Data processing will usually involve what happens to the data after collection. Once data is collected it needs to pass by these processing stages to be ready for analysis in an order that suits one’s workflow.

Here are some considerations the data processing stage might involve:

  1. Do I need to transfer the captured data to an area that is easily accessible to me for analysis

  2. What is the most sensible file-naming convention I can follow for easily locating my data and fast retrieval?

    • Naming files in a sensible way that describes brief information about the data. Below is a general rule for file naming convention, leading to 2023-07-12_rdmp_guide_sd.md. However, we always suggest following your research groups file-naming convention if there is one in place:

      • date of capture

      • what analysis generated the data

      • the initials of the person who captured the data

  3. Do I need to convert my files to an open data format suitable for analysis, such as .txt, or .csv?

  4. Do I need to clean the data for ingestion and convert data to a suitable data type?

    • This can include:

      • changing column names to a format compatible with your analysis programme, such as snake case or camel case

      • converting numbers which have been captured as text to integer or floating-point type

  5. How should I document the organisation, conversion and cleaning process in a README file makes most sense to me and anyone wishing to use or reuse my data in the future?

Data Processing vs.

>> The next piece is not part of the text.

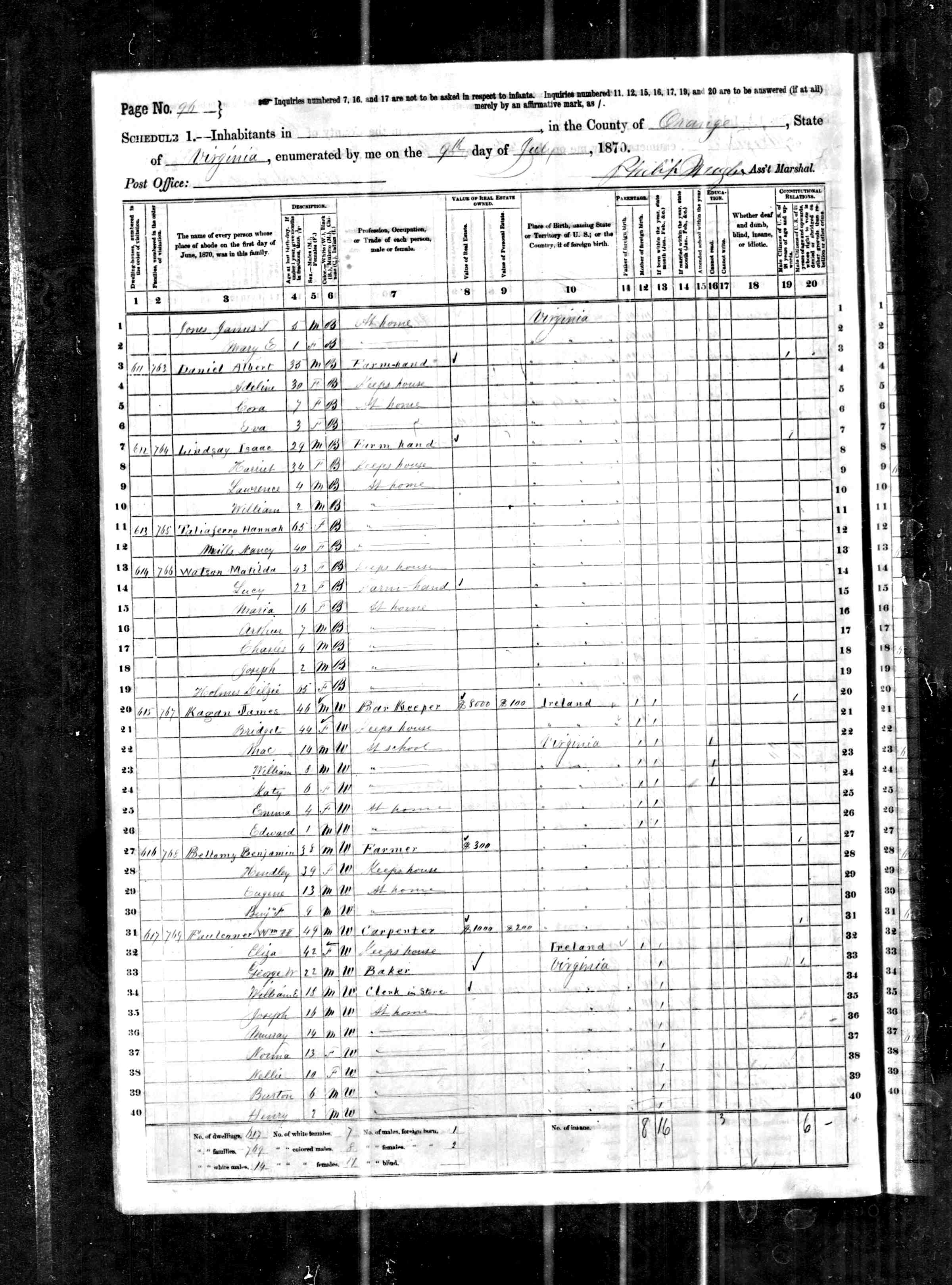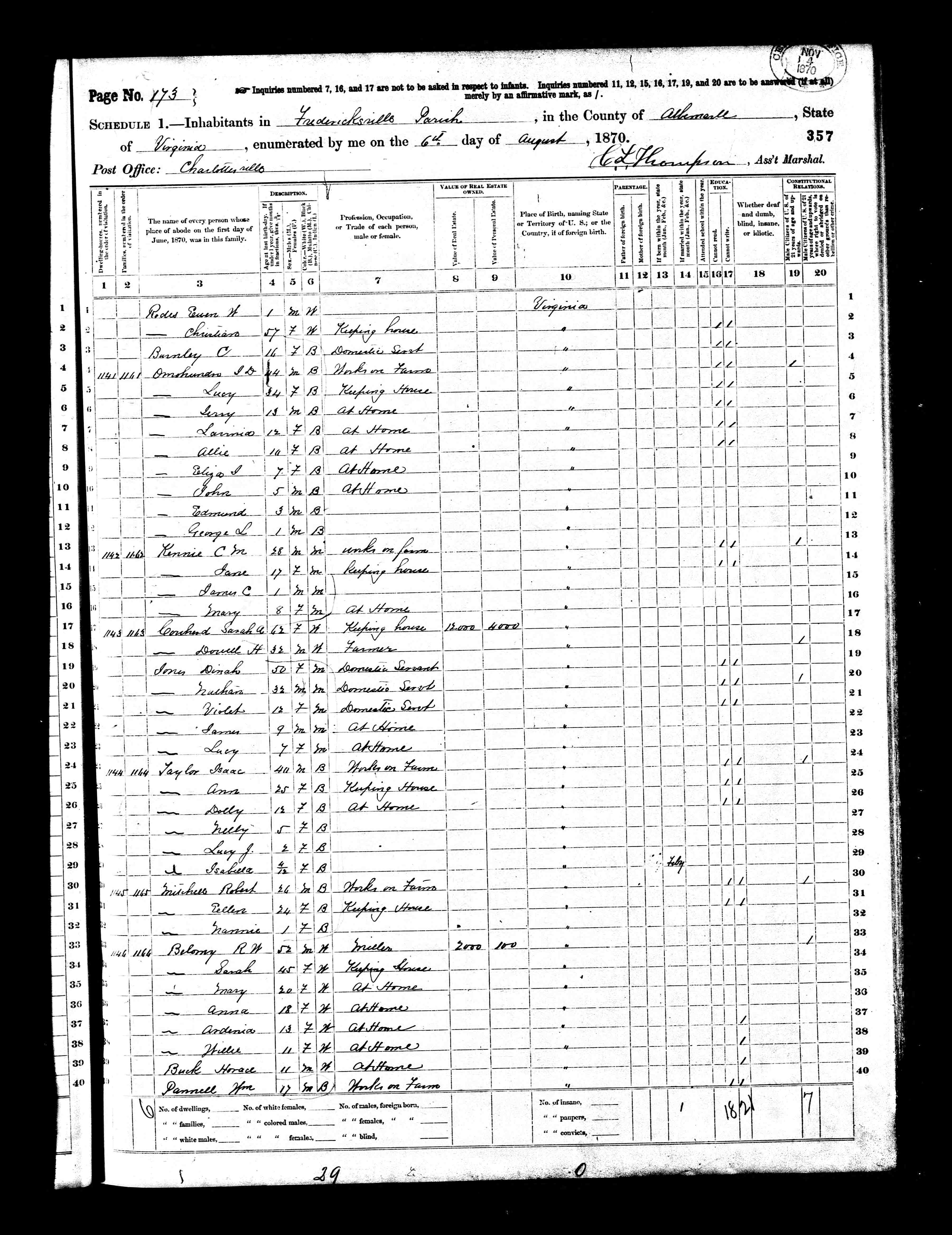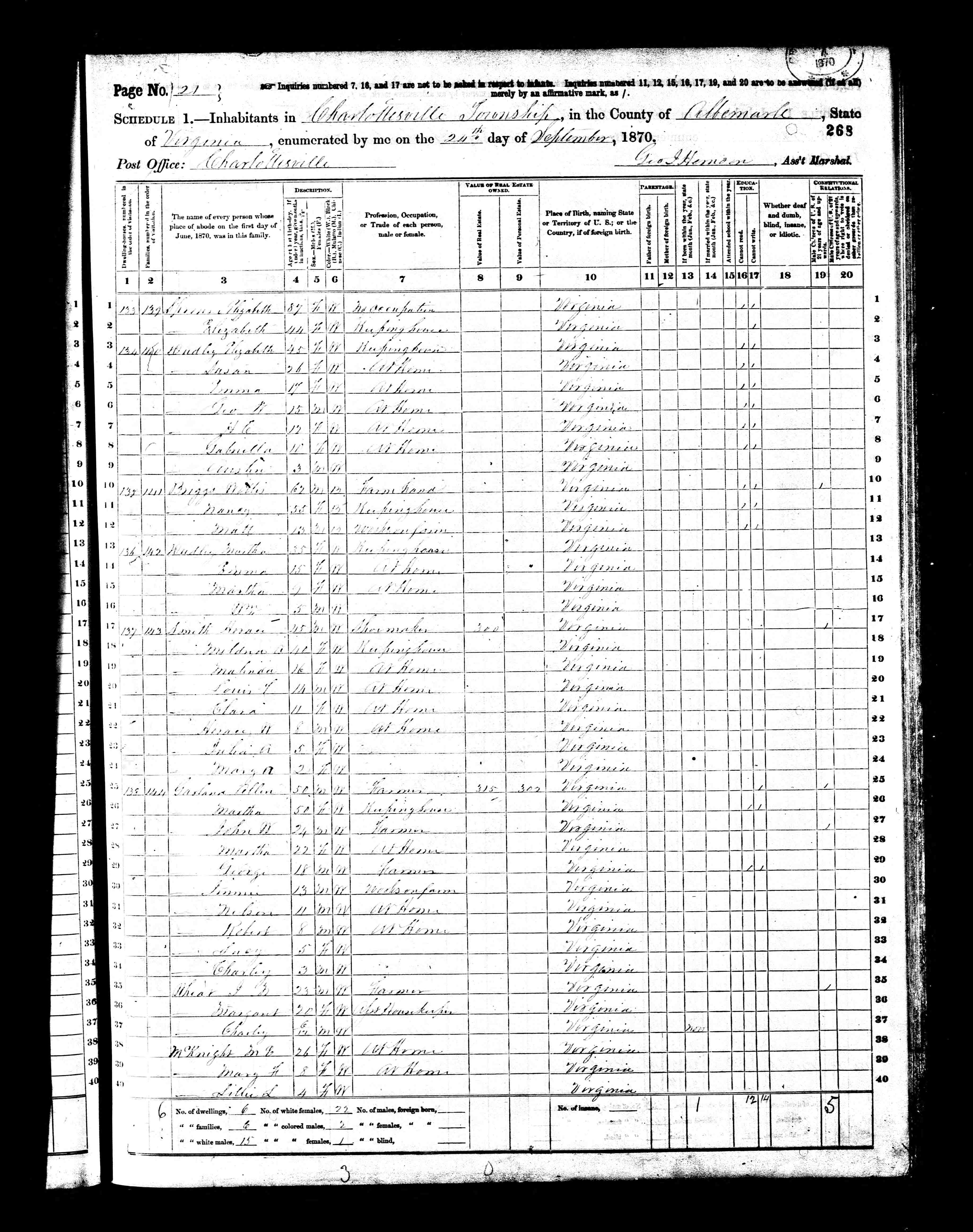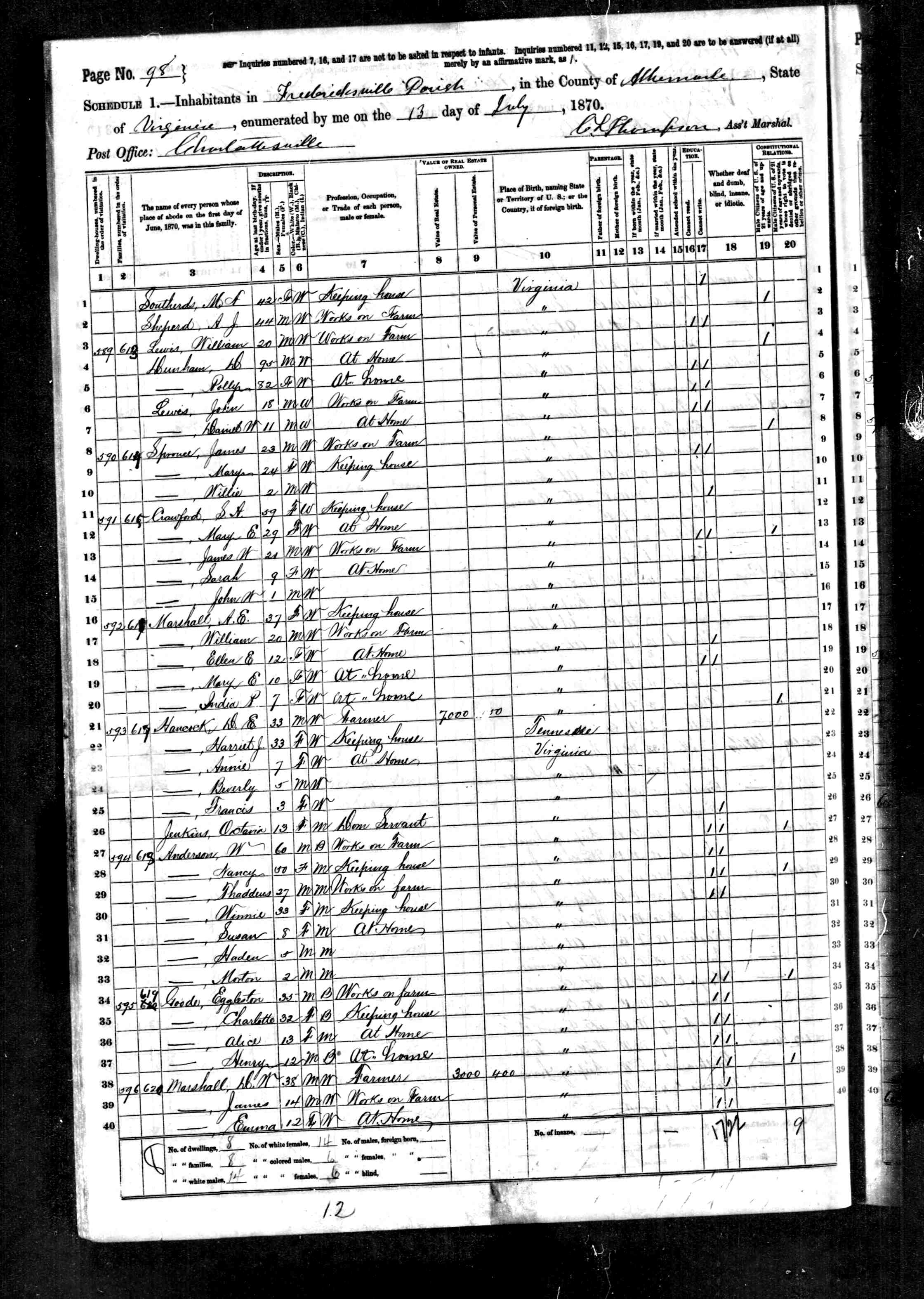 1. Census: James H. Sprouse and family, 13 Jul 1870, Fredericksville Parish, Albemarle County, Virginia, USA. 221

Data Analysis

There might be some confusion over the distinction in data processing and analysis, as they usually will come together. A good way of thinking about it is that processing are all the steps required to prepare the data for, and facilitate analysis.

Data analysis#

Once the data is processed, cleaned and in a suitable location to be accessed by your analysis software it is time to analyse it. Usually, analysis is unique to each field, however, it is important to ensure that your analysis is reproducible by you or anyone wishing to reproduce the results so documentation of the analysis, either in a README file or the analysis script is important. This documentation of analysis will also aid in the writing of reports, journal articles, and the PhD thesis.
So, here are some considerations for writing your analysis README file:

  1. If I wanted to repeat this analysis and get the same results in several months or years time, would I be able to with this README as a guide?

  2. If someone other than myself wanted to repeat this analysis would they be able to understand the data and the analysis, and reproduce it?

  3. Do I need someone to review this README to ensure the analysis is reproducible?

Documenting your project in DMPOnline

DMPOnline is one of our suggested tools for writing, updating, preserving and sharing your data management plan. The EPSRC approved tempate only has a small section on Documentation and Metadata. You can choose how brief or detailed you would like to be in describing your documentation process. However, we do suggest you have well-planned file organisation and documentation conventions set for your project for your future self, your supervisor, your group, and anyone building on from your work.

Data storage#

Data storage outlines how you will be storing the data following collection. Data storage will usually include an outline of how you will store the data, including:

preservation, archiving, retention

  • Storage:

    • Where the data will be stored

    • How the data will be backed up, including any data loss mitigation and duplicate data storage systems

      • How much storage space is required

  • Access:

    • Who has access to the data

    • How the approved users will access the data

  • Documentation and data quality

    • A file naming convention to adopt across all files for findability

    • How directories the data is kept in will be structured for findability

    • Metadata accompanying the data such as data dictionaries, README files

    • Documentation post-project for data archiving

  • Preservation, archiving and retention

    • Where and how the data will be stored after the end of the project

    • Whether the data will be reused

    • How long the data will be retained for

    • Data destruction plans This important as both physical and digital data take up physical space, so outlining how long the data will be retained for and any plans for reuse will help understand the long-term storage needs

Data protection#

Data protection can overlap with the access and data loss mitigation parts of ‘Data Storage’, and with ‘Data Sharing’. Data protection can expand to cover procedures for dealing with sensitive data, e.g. company data, redaction of sensitive information, embargo periods

Data ownership#

Data ownership covers intellectual property (IP) rights to the data. For fully government funded projects, IP rights usually belong to the institution where the research was primarily conducted. In certain cases, where part of the funding or resources come from private partners in industry, an agreement will dictate who has first refusal to IP rights. This can also cover terms under which sensitive data can be shared.

Data sharing#

Data sharing covers how you will be sharing your data internally, across collaborators, and externally. UK Research and Innovation (UKRI) funded research has a requirement for data to be shared openly, unless certain co-funder terms specify otherwise. As EPSRC funded research falls under UKRI, you might be required to share your data openly, unless an industrial partner wants the data to be kept confidential.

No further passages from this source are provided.